To conclude, our life has totally changed during the last month. We are living a scenario that only a month ago we would have considered lunar: Queues at supermarkets, police on the streets to check who leaves home, schools closed, riots and deaths in prisons, trains that don’t leave, the impossibility to visit our beloved ones. After all, it is useless to give ourselves a time limit for the return to normality. For sure, it will not be ended on the 3rd of April (date initially indicated as the end of the Italian quarantine). We must put ourselves in the perspective of a new way of life that will involve many sectors. We will probably have to get used in the next few years to distrust metro, bars, pubs too crowded or gyms could start putting more money into online courses. The cinemas, the tea rooms, the shopping centres could install armchairs at least one metre apart from each other, benches where you can sit only one at a time and so on.

It makes no sense to delude ourselves that the stop we are obliged to, will be a short-term one. Surely what is going to happen to us in the next months is unprecedented, and it will lead us into an unknown land. Any important program we had planned during this time (marriage, children, travel, change of job, etc.) we have to take into account will be surely postponed. Even schools could remain closed, in the West, with effects on children never seen before. I have been myself reconsidering my future projects, and I am aware they will inevitably change due to the course of events. For this reason, as I was supposed to move to Milan for my studies, I will be waiting for better times and start attending classes online.

The tragedy Italy is experiencing has to be a warning to other European countries and to the United States, where the virus has started spreading at the same speed.
I have learned from my boyfriend who leaves in Thessaloniki, that the Greek government has started taking as same measures as the Italian ones, by limiting all the unnecessaries exits and movements unless they are proved and justified by strong motivations. Moreover, every greek citizen has to send a message to the municipality texting from where to where he\she is moving, and if it turns out to be a lie, he\she has to pay 1 thousand euro.
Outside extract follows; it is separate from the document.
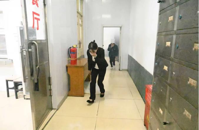 演練模擬了餐廳操作間爐灶周邊易燃物遇明火引發(fā)火災(zāi)的真實場景。隨著演練總指揮、漯河分行黨委書記、行長邢會鋒一聲令下,演練正式開始?,F(xiàn)場工作人員第一時間響應(yīng),按照預(yù)案分工迅速行動:果斷關(guān)閉燃氣總閥門、切斷電源、使用滅火毯覆蓋初期火源、組織人員撤離并開窗通風(fēng)。現(xiàn)場主管楊云超立即向分行安全保衛(wèi)部門負責(zé)人陳鵬成報告險情。
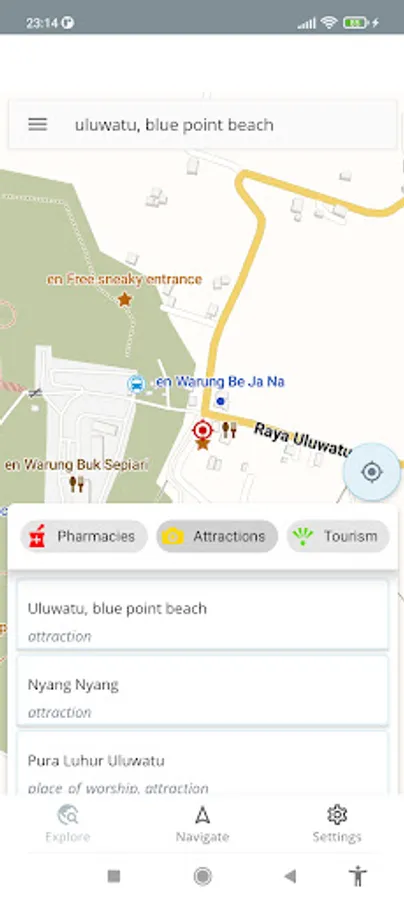 Use this app to browse the map of Bali even if you don't have an internet connection. Additionally basic navigation is available.

But, even if your government is still indecisive whether if closing or not offices, schools and non-core activities, or adopting these strict measures, you have to learn from our experience and mistakes: stay home! There’s no vaccine or drug able to fight this virus, and only our behaviour can stop it!

The only positive aspect of all this is that, even if we don’t know when exactly, the cruellest part of the conflict will end as long as we follow the rules imposed by the governments and the ones dictated by our common sense and civil responsibility.

“Each of you, today, not the government, not the mayor, each cıtızen has the chance, today, to take actıons that wıll prevent the sıtuatıon of ıtaly from becomıng your own country’s realıty. You have an opportunıty to make a dıfference and stop the spread ın your country. Work at home ıf you can, cancel bırthday partıes and other gatherıngs. Do anythıng you can. Practıce socıal dıstancıng and stay home as much as possıble because ıt saves lıves. AND THIS IS MIND: a LITTLE DISTANCE now WILL save and UNITE us all later!”


  1. Beautifully written ! Thank you for sharing your thoughts with us and helping us understand the severity of the situation here in Australia. I have many relatives in Sicily and we are so worried for them all. Keep strong and keep doing the right thing and hopefully beautiful Italy will be as it once was.
    Clelia Brababaon Perth Australia

    Liked by 2 people

  2. Thank you for your words of wisdom. Australia is slowly bringing the measures you talk about and things are starting to become scary!
    We hope that the world can come together again soon.

    Liked by 2 people

  3. Thank you for sharing this. We are not yet at the stage you describe and I really hope our Government will learn the lessons form Italy and the other countries who are further along with this epidemic.